**Input data**
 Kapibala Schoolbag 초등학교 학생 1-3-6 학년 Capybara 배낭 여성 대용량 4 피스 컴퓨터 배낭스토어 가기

==

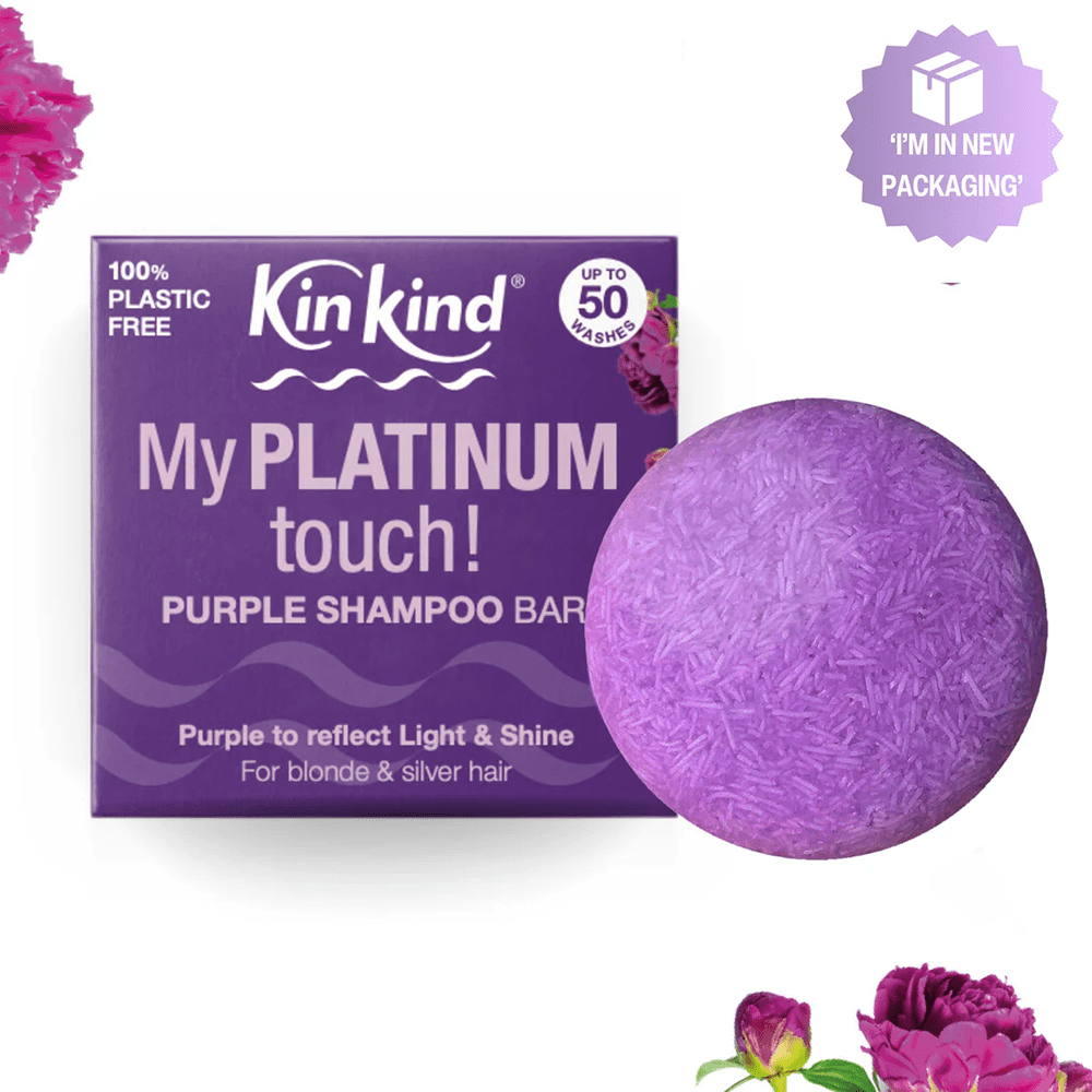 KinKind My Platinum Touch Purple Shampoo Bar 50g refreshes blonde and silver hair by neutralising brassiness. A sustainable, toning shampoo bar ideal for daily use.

==

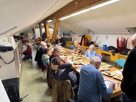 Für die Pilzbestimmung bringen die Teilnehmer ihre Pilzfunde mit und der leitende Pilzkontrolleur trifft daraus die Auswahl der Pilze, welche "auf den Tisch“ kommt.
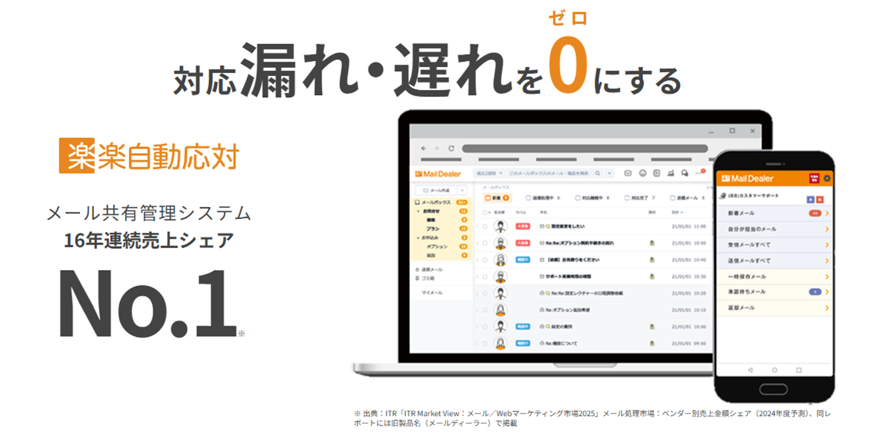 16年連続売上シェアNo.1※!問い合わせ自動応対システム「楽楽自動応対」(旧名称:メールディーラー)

**Work required**
Look above for the line with "Für die Pilzbestimmung" and copy exactly from it through the line with "16年連続売上シェアNo.1", both included. Omit the pictures.

**Problem solution**
 Für die Pilzbestimmung bringen die Teilnehmer ihre Pilzfunde mit und der leitende Pilzkontrolleur trifft daraus die Auswahl der Pilze, welche "auf den Tisch“ kommt.
 16年連続売上シェアNo.1※!問い合わせ自動応対システム「楽楽自動応対」(旧名称:メールディーラー)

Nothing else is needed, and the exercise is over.